Recorded data:
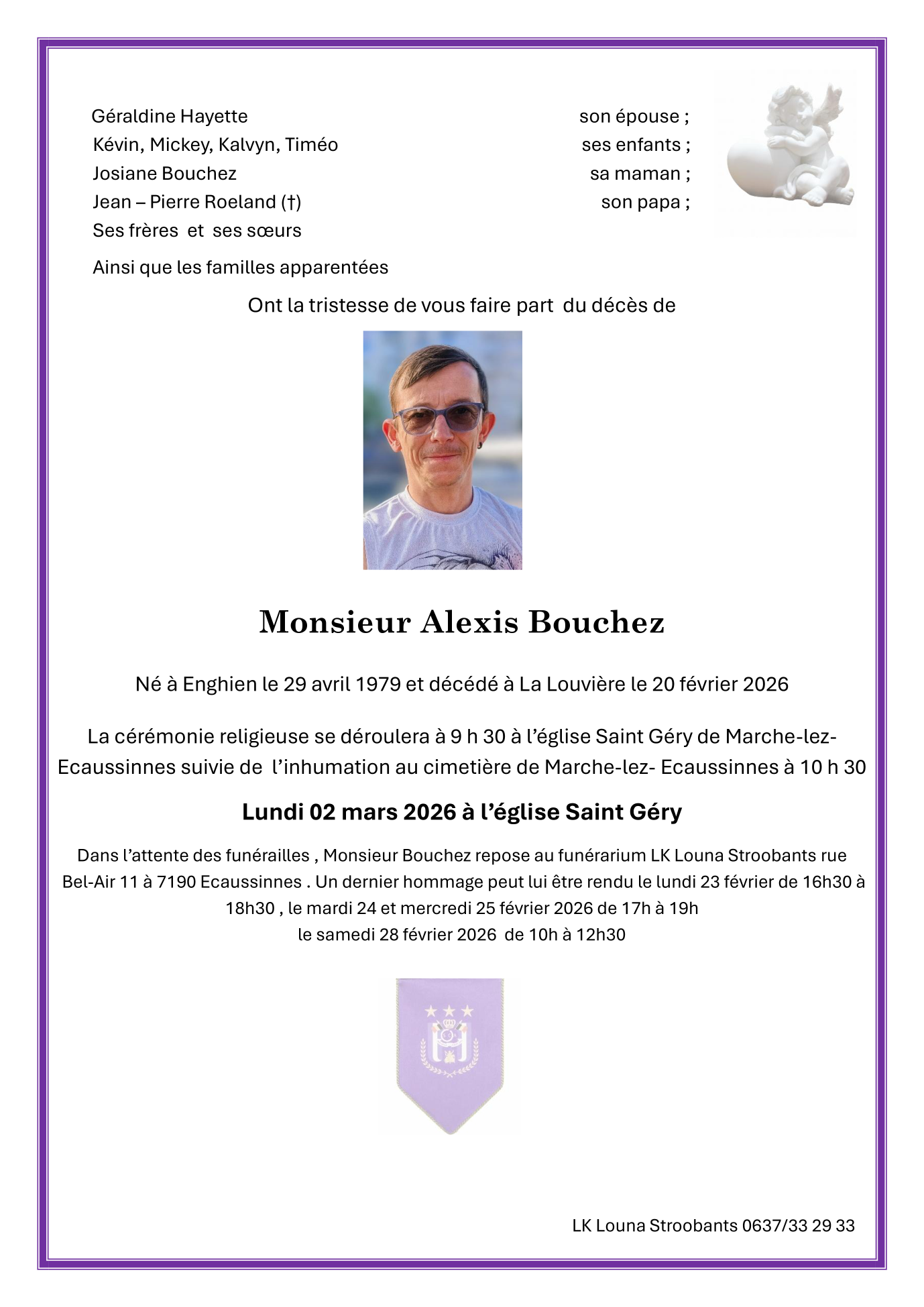 Décédé à La Louvière (7100) le vendredi 20 février 2026 à l'âge de 46 ans
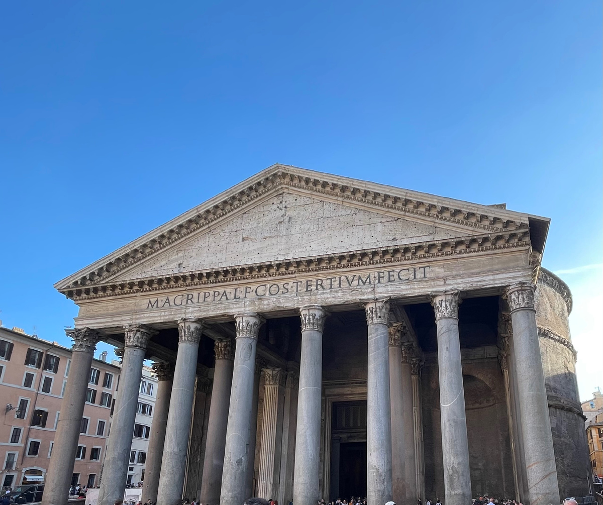 Благодаря своему превращению из языческого храма в христианскую церковь – базилику Санта-Мария-ад-Мартирес – по дарению византийского императора Фоки папе Бонифацию IV около 608 года н.э., Пантеон, безусловно, является наиболее сохранившимся из всех древних сооружений, которыми мы сегодня дорожим. Монументальная бронзовая дверь входа – один из основных конструктивных элементов, вносящих свой вклад в очарование, всегда окружающее это здание – именуемое «Ротонда» из-за своей формы. Предваряемая небольшим ризалитом, первоначально выступавшим из толщи стены Ротонды, эта дверь должна считаться оригинальным образцом римской эпохи, несмотря на многочисленные дополнения и реставрационные вмешательства, в частности, касающиеся деревянной обшивки внутренней стороны, заклепок и четырех картушей с бюстами Иисуса Христа и Девы Марии.
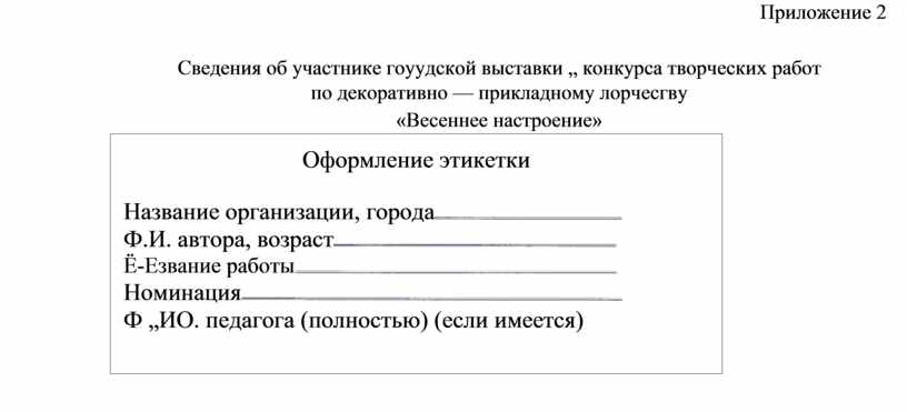 Оформление этикетки Название организации, города Ф.И. автора, возраст Ё-Езвание работы Номинация Ф „ИО. педагога (полностью) (если имеется) |
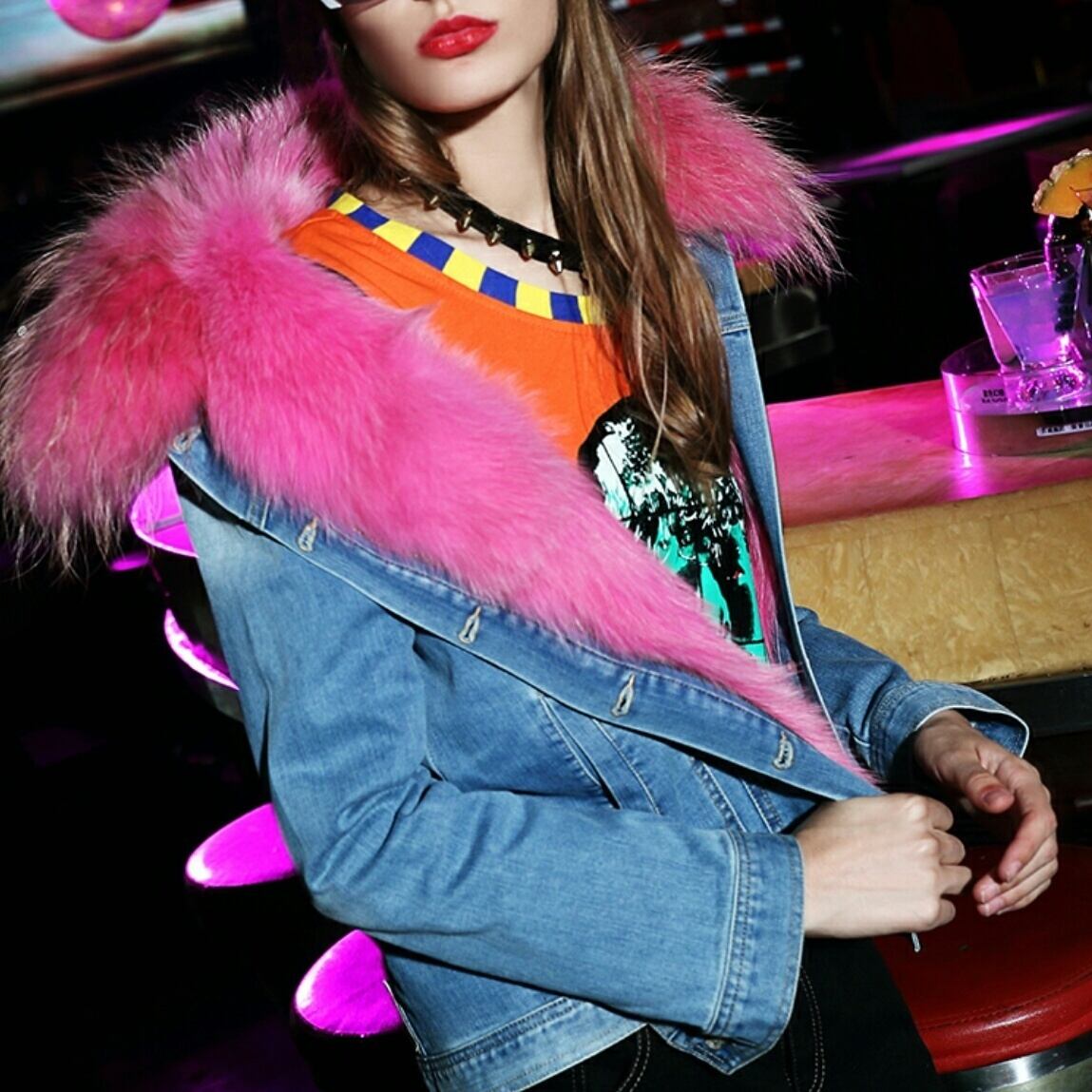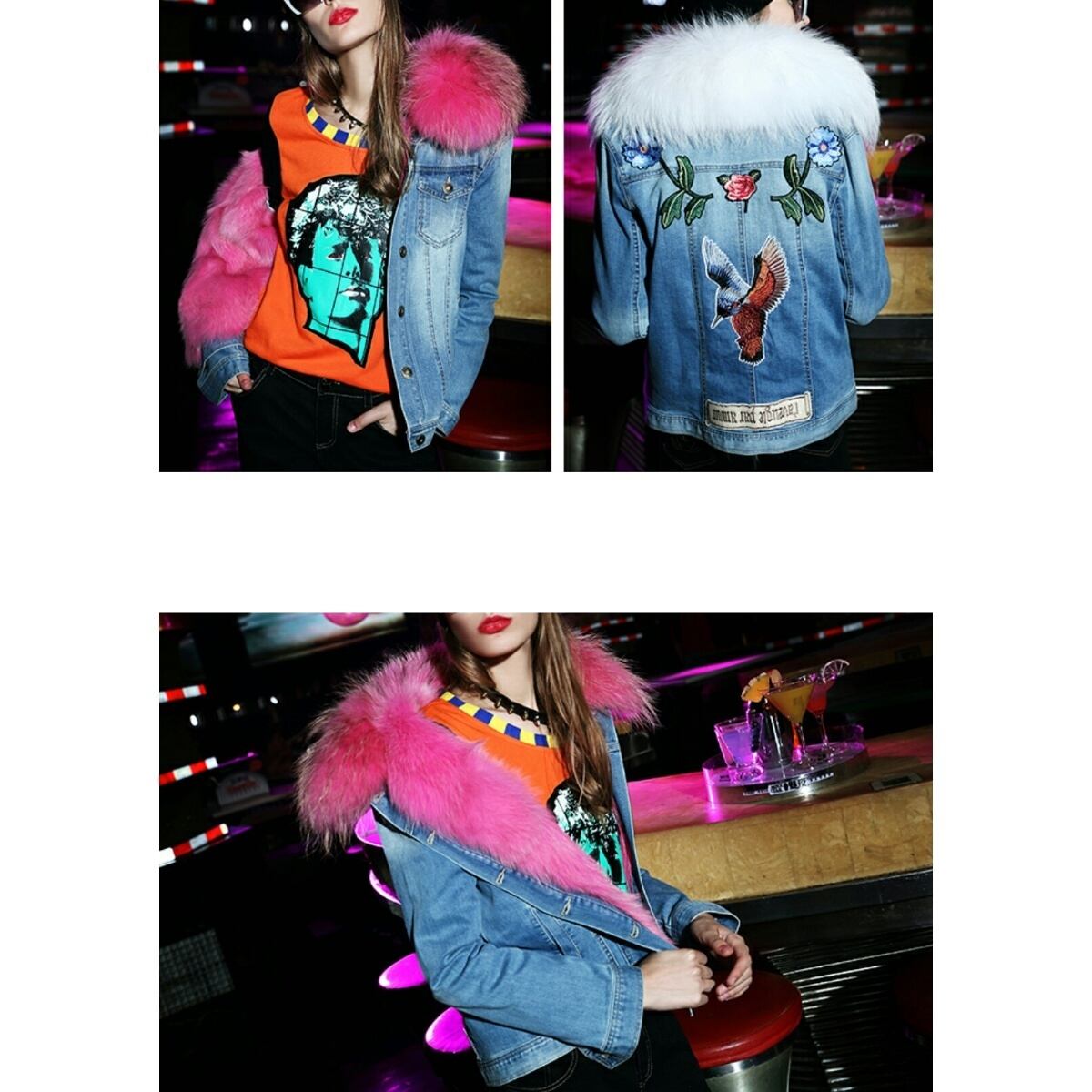 襟元ラクーンファー/裏地までふわふわのデニム異素材ジャケット
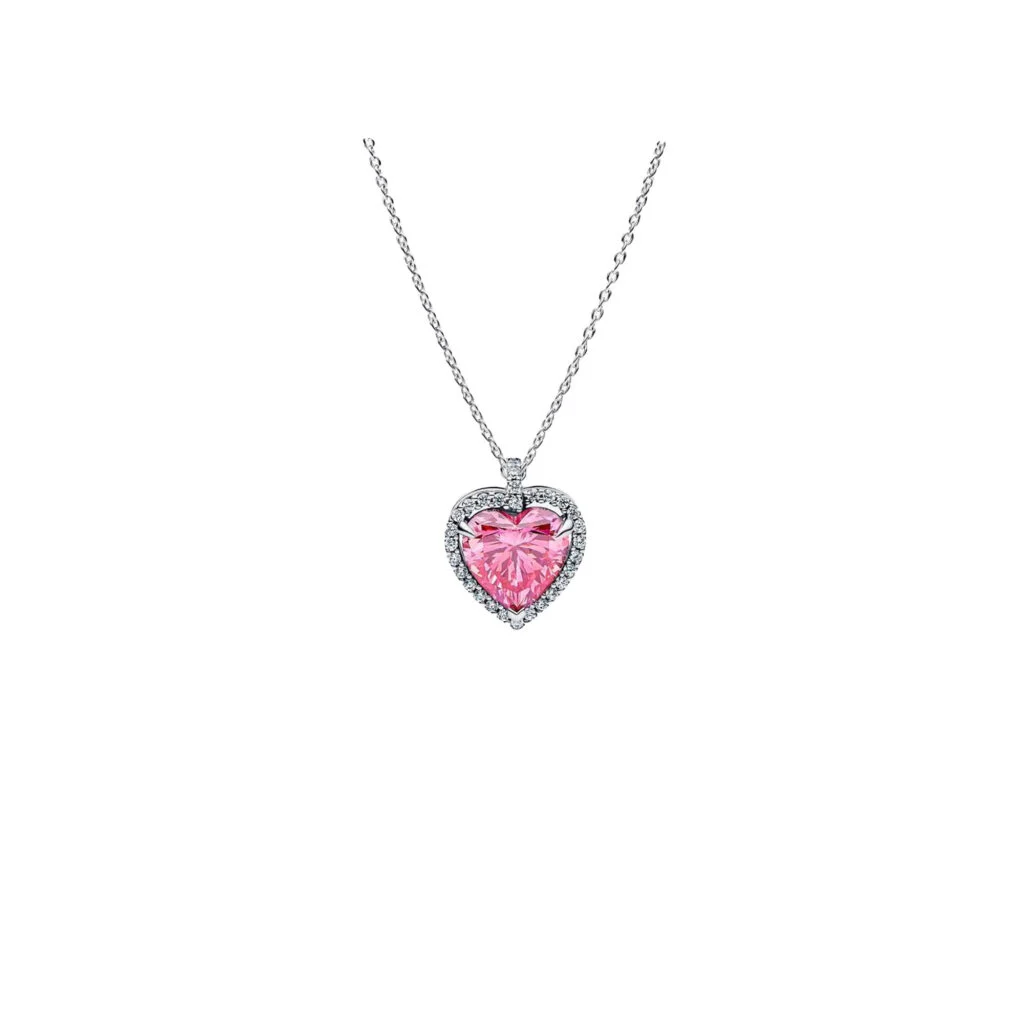 Lehne dich in die Liebe zurück. Diese Halskette aus Sterling-Silber hat einen herzförmigen rosafarbenen Cubic Zirkonia, der von einem Strahlenkranz aus klaren Steinen umrahmt ist. Der Anhänger bewegt sich frei entlang der Kette und fängt mit jedem Schritt das Licht ein.
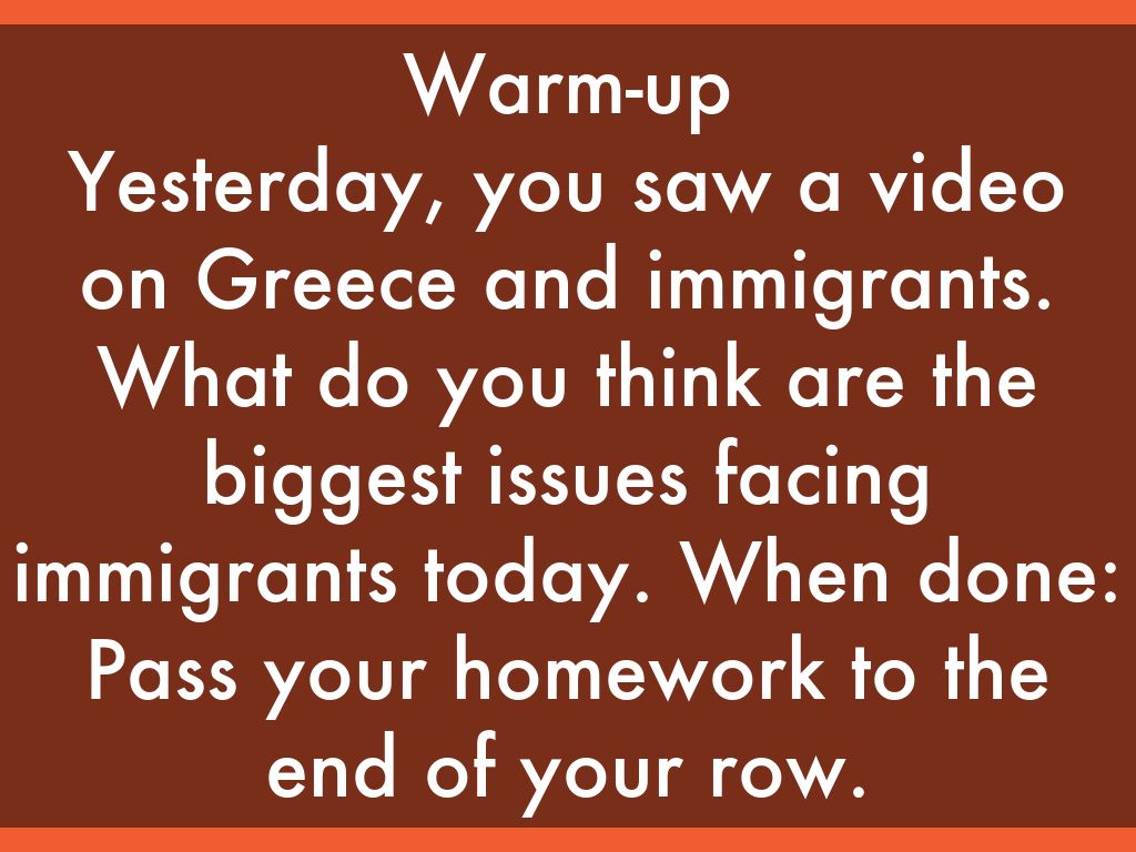 Warm-up Yesterday, you saw a video on Greece and immigrants. What do you think are the biggest issues facing immigrants today. When done: Pass your homework to the end of your row.

→ Task to carry out:
The answer must consist of the line containing "襟元ラクーンファー/裏地までふわふわのデニム異素材ジャケット" and every line after it through the end of the records, retyped exactly, with all pictures left out.

→ Output:
 襟元ラクーンファー/裏地までふわふわのデニム異素材ジャケット
 Lehne dich in die Liebe zurück. Diese Halskette aus Sterling-Silber hat einen herzförmigen rosafarbenen Cubic Zirkonia, der von einem Strahlenkranz aus klaren Steinen umrahmt ist. Der Anhänger bewegt sich frei entlang der Kette und fängt mit jedem Schritt das Licht ein.
 Warm-up Yesterday, you saw a video on Greece and immigrants. What do you think are the biggest issues facing immigrants today. When done: Pass your homework to the end of your row.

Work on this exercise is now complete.